4.4 Governing Law. This Note shall be governed in all respects by the laws of the State of California as applied to agreements entered into and performed entirely within the State of California by residents thereof, without regard to any provisions thereof relating to conflicts of laws among different jurisdictions.
 
4.5 Waiver and Amendment. Any term of this Note may be amended, waived or modified only with the written consent of Borrower and Lender.
 
4.6 Remedies; Costs of Collection; Attorneys’ Fees. No delay or omission by Lender in exercising any of its rights, remedies, powers or privileges hereunder or at law or in equity and no course of dealing between Lender and the undersigned or any other person shall be deemed a waiver by Lender of any such rights, remedies, powers or privileges, even if such delay or omission is continuous or repeated, nor shall any single or partial exercise of any right, remedy, power or privilege preclude any other or further exercise thereof by Lender or the exercise of any other right, remedy, power or privilege by Lender. The rights and remedies of Lender described herein shall be cumulative and not restrictive of any other rights or remedies available under any other instrument, at law or in equity. If an Event of Default occurs, Borrower agrees to pay, in addition to the Loan and Interest payable thereon, reasonable attorneys’ fees and any other reasonable costs incurred by Lender in connection with its pursuit of its remedies under this Note.
 
5. Default Interest. Borrower does hereby agree that from and after the expiration of the applicable cure period following the first Event of Default until the entire unpaid principal amount of the Loan and all unpaid interest thereon is paid or the Event of Default is cured if susceptible to cure, Interest on the entire unpaid principal amount of the Loan and all unpaid interest thereon shall accrue at the Default Interest Rate. This section, however, shall not be construed as an agreement or privilege to extend the date of the payment of the Loan, nor as a waiver of any other right or remedy accruing to Lender by reason of the occurrence of any Event of Default.
 
6. Savings Clause. It is expressly stipulated and agreed to be the intent of Borrower and Lender at all times to comply with applicable state law or applicable United States federal law (to the extent that United States federal law permits Lender to contract for, charge, take, reserve, or receive a greater amount of interest than under state law) and that this paragraph shall control every other covenant and agreement in this Note and the Loan Agreement.

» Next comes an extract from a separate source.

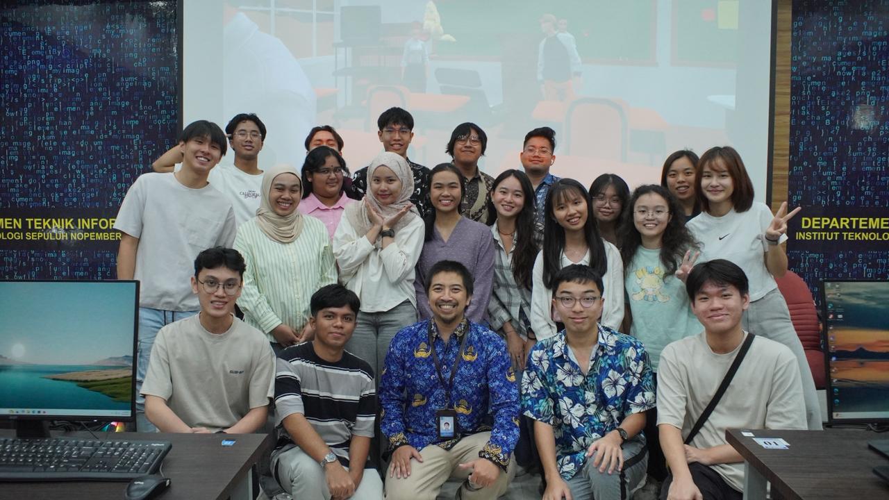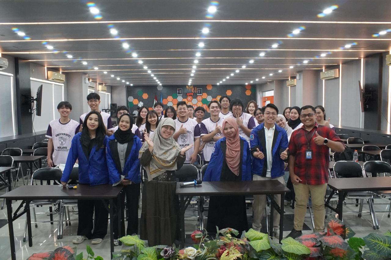 Momen kebersamaan antara tim dosen dan mahasiswa Departemen Teknik Informatika ITS dengan peserta dari Universiti Malaya di acara ITS x UM Mobility Program di Kampus ITS
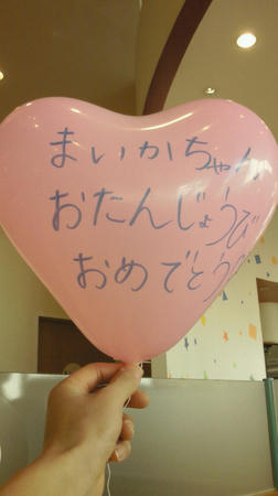そこでバースデーセットを注文。記念写真を撮って、ハッピーバースデー歌って、バースデーケーキもらって、ついでに風船まで。しかもこれで500円。安っ!苺ちゃんも大喜び♪

If the applicable law (state or federal) is ever judicially interpreted so as to render usurious any amount called for hereunder or thereunder, or contracted for, charged, taken, reserved, or received with respect to the Loan, or if Lender’s exercise of the option to accelerate the Maturity Date, or if any prepayment by Borrower results in Borrower having paid any interest in excess of that permitted by applicable law, then it is Lender’s express intent that all excess amounts theretofore collected by Lender shall be credited on the principal balance of this Note and all other indebtedness evidenced hereby and the provisions of this Note and the Loan Agreement immediately be deemed reformed and the amounts thereafter collectible hereunder and thereunder reduced, without the necessity of the execution of any new documents, so as to comply with the applicable law, but so as to permit the recovery of the fullest amount otherwise called for hereunder or thereunder. All sums paid or agreed to be paid to Lender for the use, forbearance, or detention of the Loan shall, to the extent permitted by applicable law, be amortized, prorated, allocated, and spread throughout the full stated term of the Loan until payment in full so that the rate or amount of interest on account of the Loan does not exceed the maximum lawful rate from time to time in effect and applicable to the Loan for so long as the Loan is outstanding. Notwithstanding anything to the contrary contained herein or in the Loan Agreement, it is not the intention of Lender to accelerate the maturity of any interest that has not accrued at the time of such acceleration or to collect unearned interest at the time of such acceleration.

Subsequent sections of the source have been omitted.